Take for joy from the palms of my hands
Fragments of honey and sunlight,
As the bees of Persephone commanded us.
Not to be untied the unmoored vessel,
Not to be heard shadow walking on fur,
Not to be mastered terror growing in thicketed life.
We have only kisses now,
Furred like the smallest bees
Found dead after their flight from the hive.
Bees rustling in translucency of densest night,
Their home the sleepy forest of Taigetos,
Their food time, lungwort, mint.
Take then, take for joy my wild gift,
A plain dry necklace of dead bees,
Bees that changed honey into sunlight.
Osip mandel’shtam, selected poems translated by David Mcduff
The Physical attributes and other interesting facts about bees
The bees come under the order of Hymenoptera (membrane wings). The main groups under this order are the petiolata that have waists and the sessiliventres that have no waists. The bee group comes under petiolata and the name of the group is apoidea. The characteristics of this group is that the adult feeds upon the nectar of flowers, while its larvae are fed on pollen mixed with honey.
The first honeybees to be introduced to New Zealand were the black strain, brought from Australia in 1839 and liberated at Hokianga where they were established. In 1879 settlers introduced the Italian strain from England. In New Zealand bees are cultivated for honey for domestic markets and also for export (manuka honey has become world famous for its healing properties), but they also live in a feral state, inhabiting trees and buildings. On Waiheke they tend to favour the pohutukawa tree. They live in complex hives and have an incredibly well ordered society.
Human kind has an ancient relationship with bees, and stories are told about them across many cultures, particularly in reference to the relationship with the spiritual and the soul. In Egyptian mythology it is said that when Ra wept, his tears were honeybees. Joanne Lauck in her book The Voice of the Infinite in the Small suggests this is symbolic of the ability to transform compassion into something beneficial and greater than itself. The poet Antonio Machado expresses this so aptly when he wrote,“Last night, as I was sleeping, I dreampt – marvellous error! That I had a beehive here inside my heart. And the golden bees were making white combs and sweet honey from my old failures.” It is as if the bees transform our own grief, our mishaps, offering us a simple acceptance that we can create something out of our past, with the touch of warmth and joy in the sweetness of honey.

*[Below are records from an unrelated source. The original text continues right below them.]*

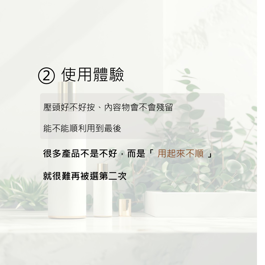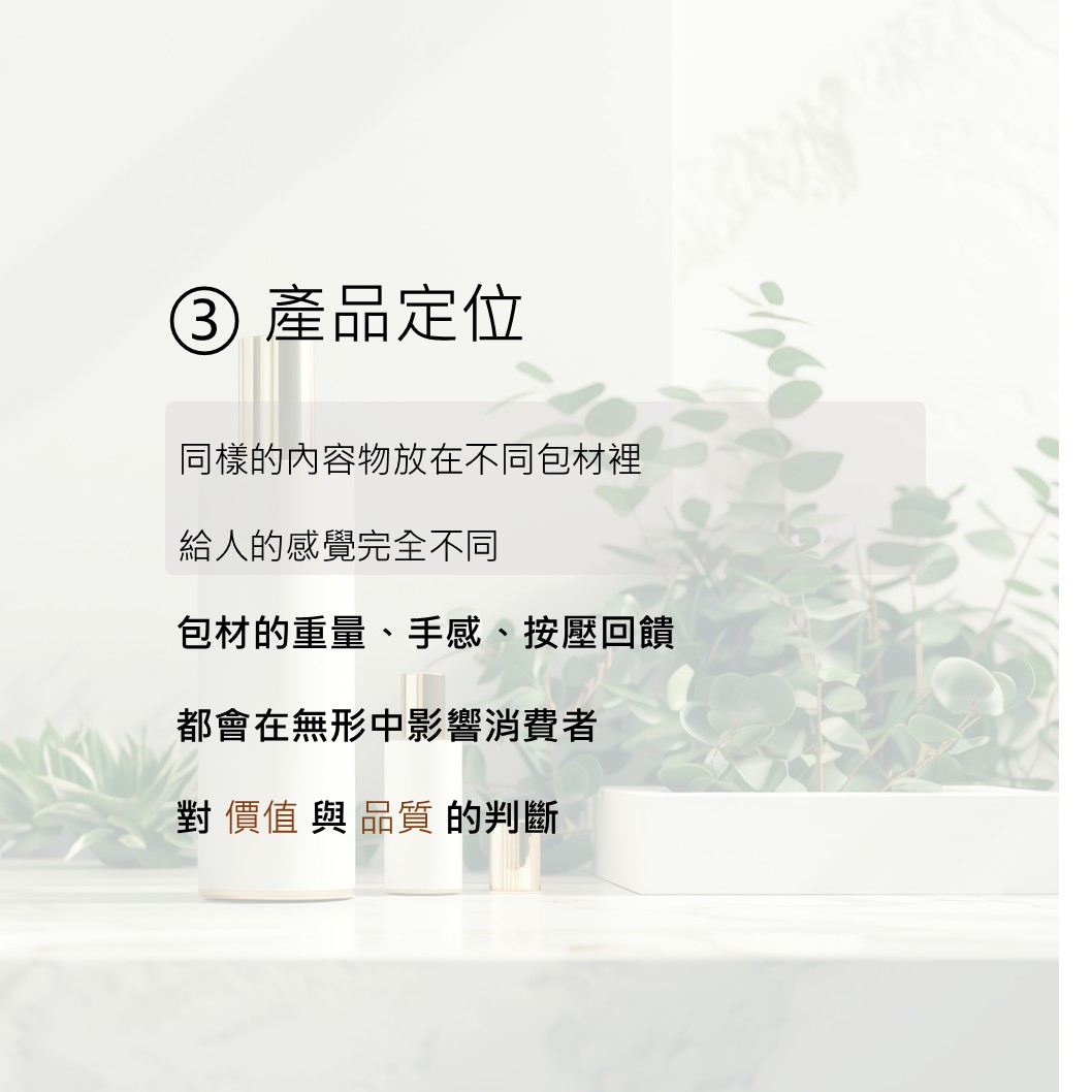產品定位:同樣的內容物放在不同包材裡,給人的感覺完全不同,包材的重量、手感、按壓回饋,都會在無形中影響消費者,對價值與品質 的判斷。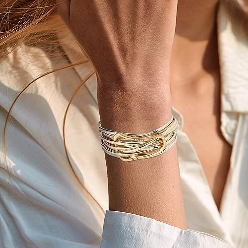 iF YOU 8 Pcs Gold Bracelets for Women - 14K Gold Plated Stackable Bracelets Set, Layered Silver Bracelets Stack Jewelry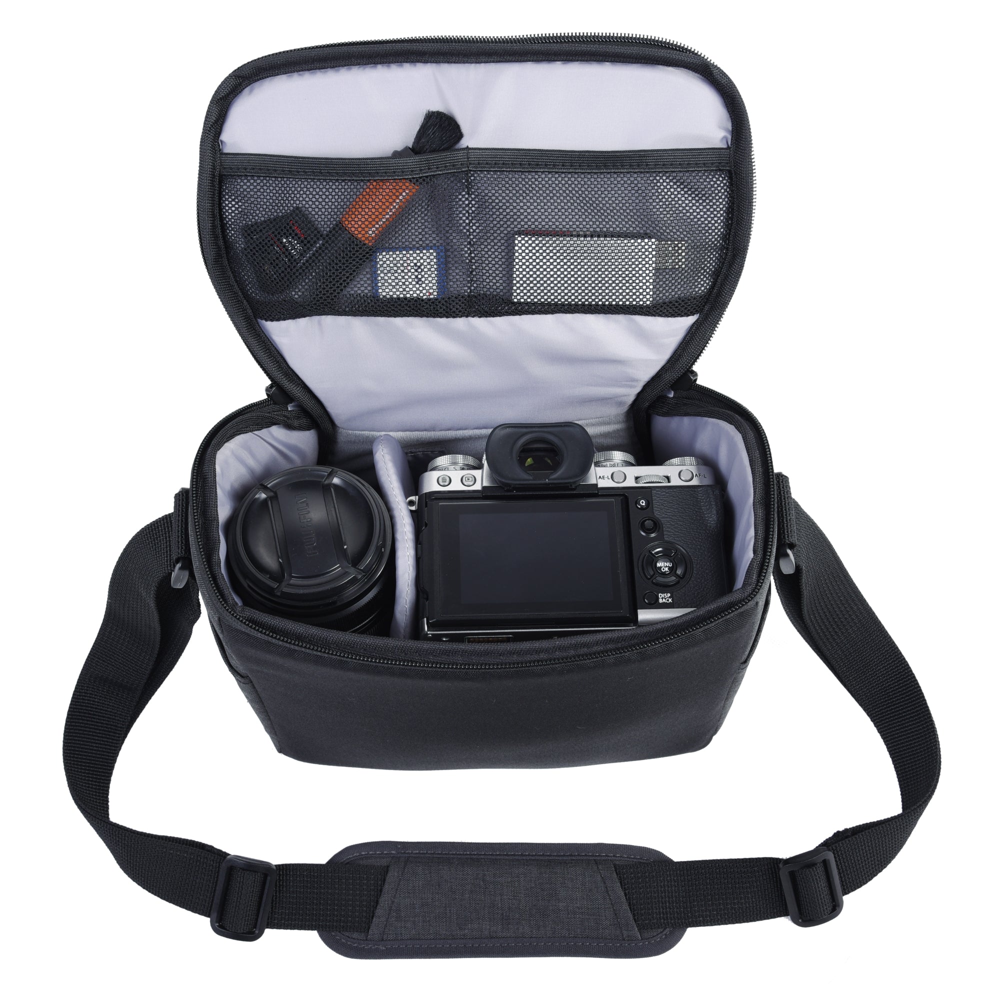 The VESTA Aspire 21 is the ideal compact, lightweight and stylish shoulder bag for a DSLR/mirrorless with 18-55mm lens attached, 1-2 additional lenses (up to 55-200mm), flash, accessories and personal essentials such as a water bottle.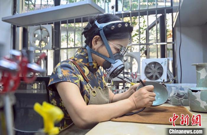 杭州市文物考古研究所所長胡利紅修復瓷器。杭州市文物考古研究所 供圖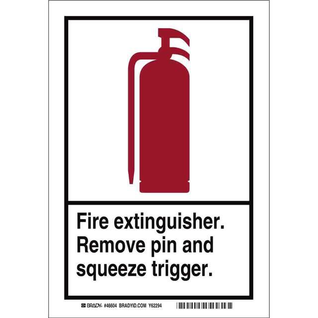 This is manufactured by Brady Corporation. The manufacturer part number is 46604. Label with a size of 10.00" l x 7.00" w (254.0mm x 177.8mm). The product is rohs3 compliant. It is assigned with possible HTSUS value of 8310.00.0000. It is shipped in bulk. It has a classic black and red legend, white background colour. The product brady®, is a highly preferred choice for users. The product is made from highly stable and reliable aluminum. In addition, it is reach unaffected. Its typical moisture sensitivity level is not applicable. A bespoke label is a fire extinguisher. remove pin and squeeze trigger. label. The product is suitable for use with fire. It has a long 4 weeks standard lead time. The product is designated with the ear99 code number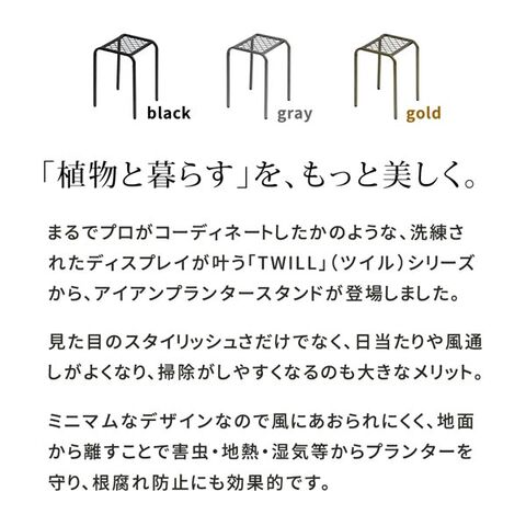 まるでプロがコーディネートしたかのような洗練されたディスプレイが叶う「TWILL」(ツイル)シリーズから、アイアンプランタースタンドが登場しました。見た目のスタイリッシュさだけでなく、日当たりや風通しがよくなり、掃除がしやすくなるのも大きなメリット。ミニマムなデザインなので風にあおられにくく、地面から離すことで害虫・地熱・湿気等からプランターを守り、根腐れ防止にも効果的です。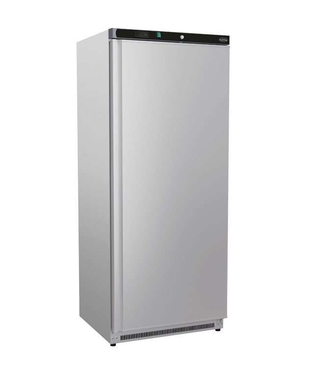 Hoge koelkast met RVS behuizing voor een compacte opslag in de horeca. Met een netto inhoud van 543 liter bewaart u dranken, ingrediënten en voorbereid voedsel overzichtelijk en binnen handbereik. Uitgerust met een statische koeling waarmee producten op de juiste temperatuur gekoeld worden. Word geleverd met 4 roosters zodat u uw voorraad naar wens kunt inrichten. Deze staande koelkast heeft een temperatuurbereik van +2 tot +8 graden. Standaard is de deur rechts scharnierend. Dit model is ook verkrijgbaar uitgevoerd met een witte stalen behuizing.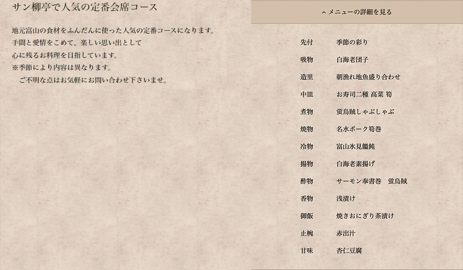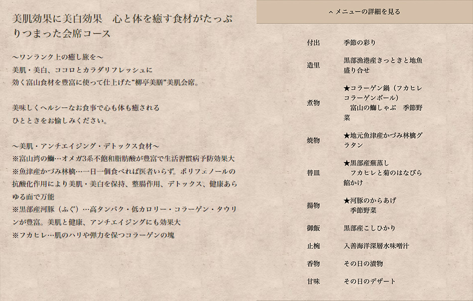 美肌&心と身体もデトックス“柳亭美膳”美肌会席コース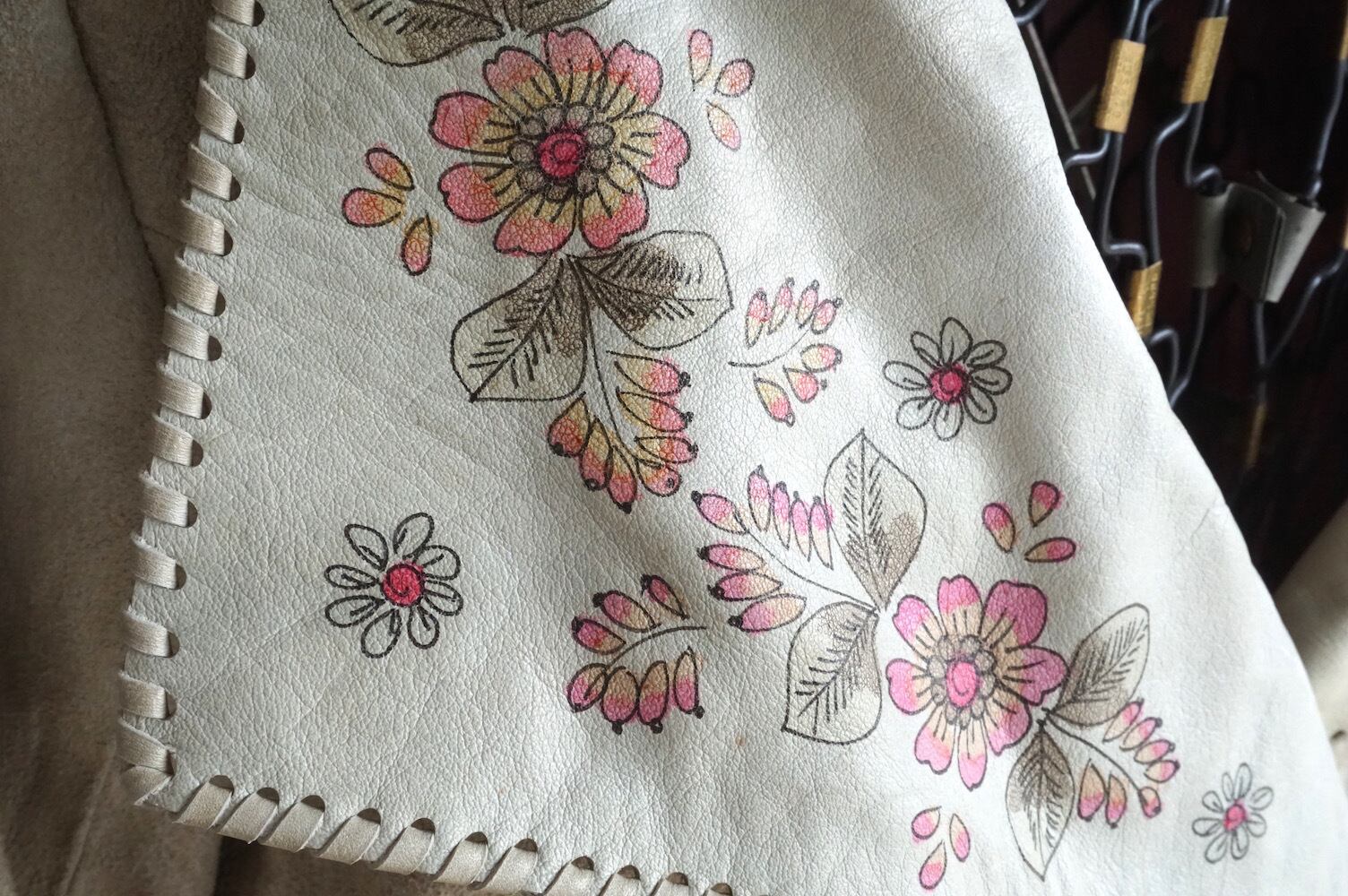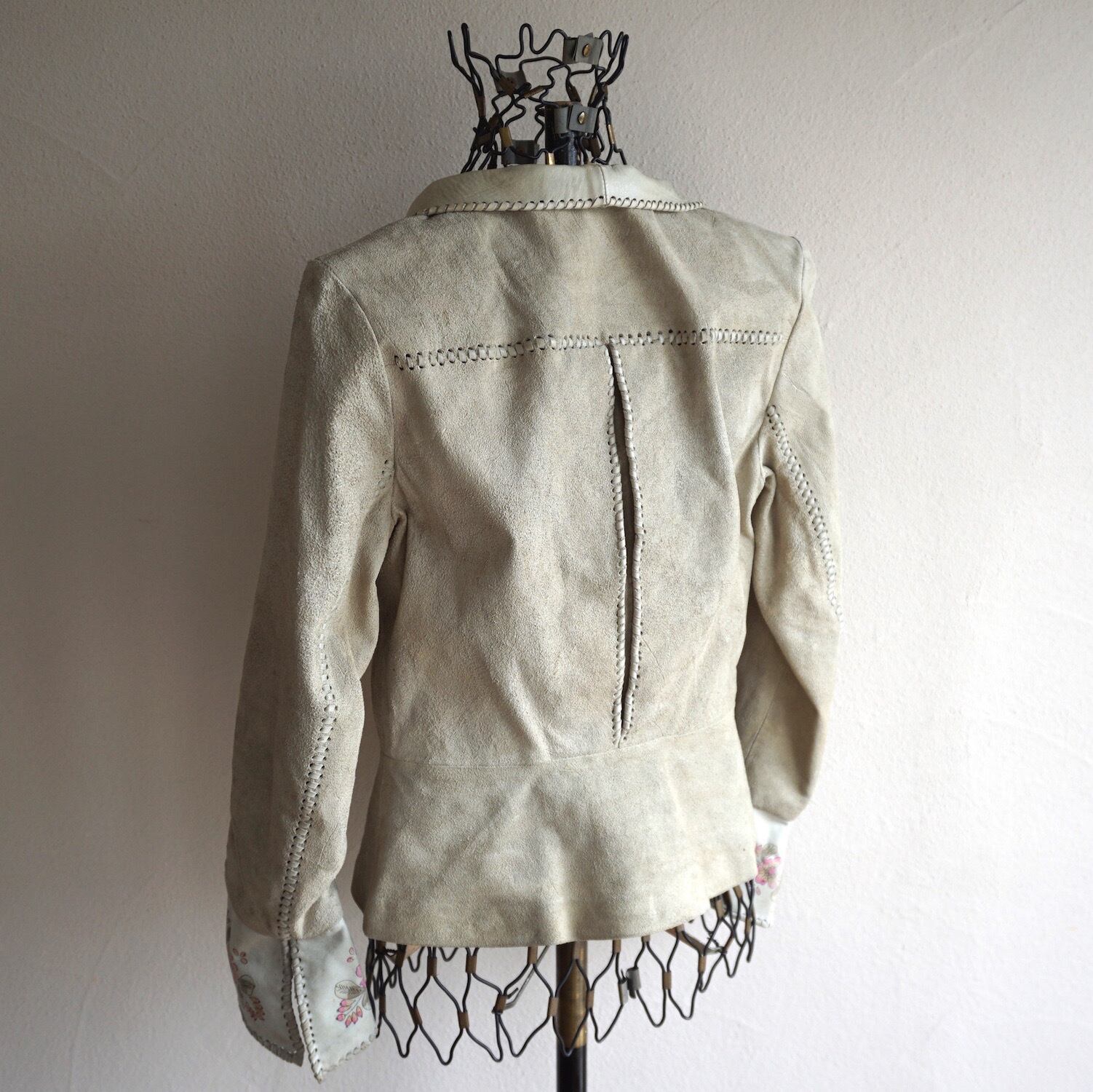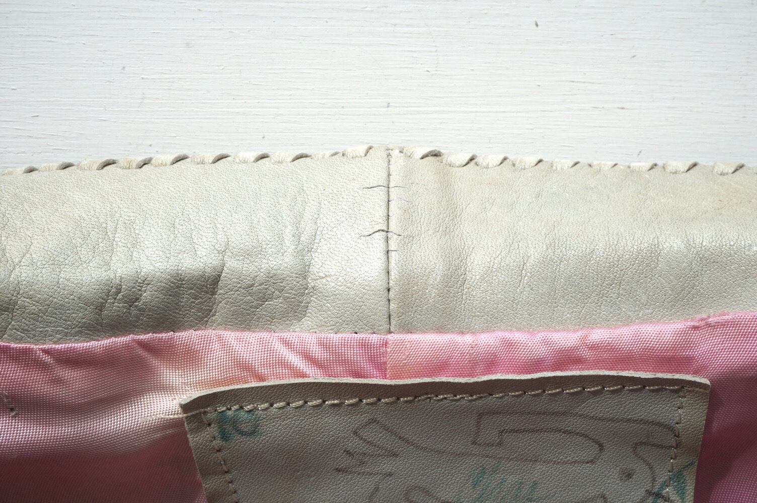1970’s [Char] ハンドペイント ビッグカラー ショート丈 クラフトレザージャケット アイボリー 表記(women's 10) チャー ヒッピー ヴィンテージ

When we contemplate the worker bee, we realise what a remarkable creature it is. We often feel a sense of peacefulness, a moment of solace, and we maybe touched by its single mindedness. I see the worker bee as an expression of opposites. The reality of sheer physical work they undertake is astonishing, and the worker bee carries her own weight in nectar and pollen, literally working herself to death. The life of a worker bee is not a long, and those that hatch in early spring die in summer. Each worker visits approximately a thousand flowers everyday. Their duties are multitudinous; they’re the builders, brood nurses, honey makers, pollen stampers, guards, porters and foragers. These tasks are related to their developmental stages.
In contrast, however, to their incredible social organization, they exhibit a peculiar individuality, bordering on chaos. Peaceful, confident, order and purpose are all words used often used to describe a hive. Joanne Lauck mentions James Gould who considers bees so distinctive and individual in their characteristics that they can be recognised by their differences. He also suggests that “bees, like ants, live at the edge of chaos where life and new possibilities abound”(2)
Notes 1: from ‘Times Alone’ selected poems of Antonio Machado. Translated by Robert Bly. Published by Wesleyan University Press 1983
2: from the voice of the infinite in the small by Joanne Elizabeth lauck published by Shammbhalla 2002 p141.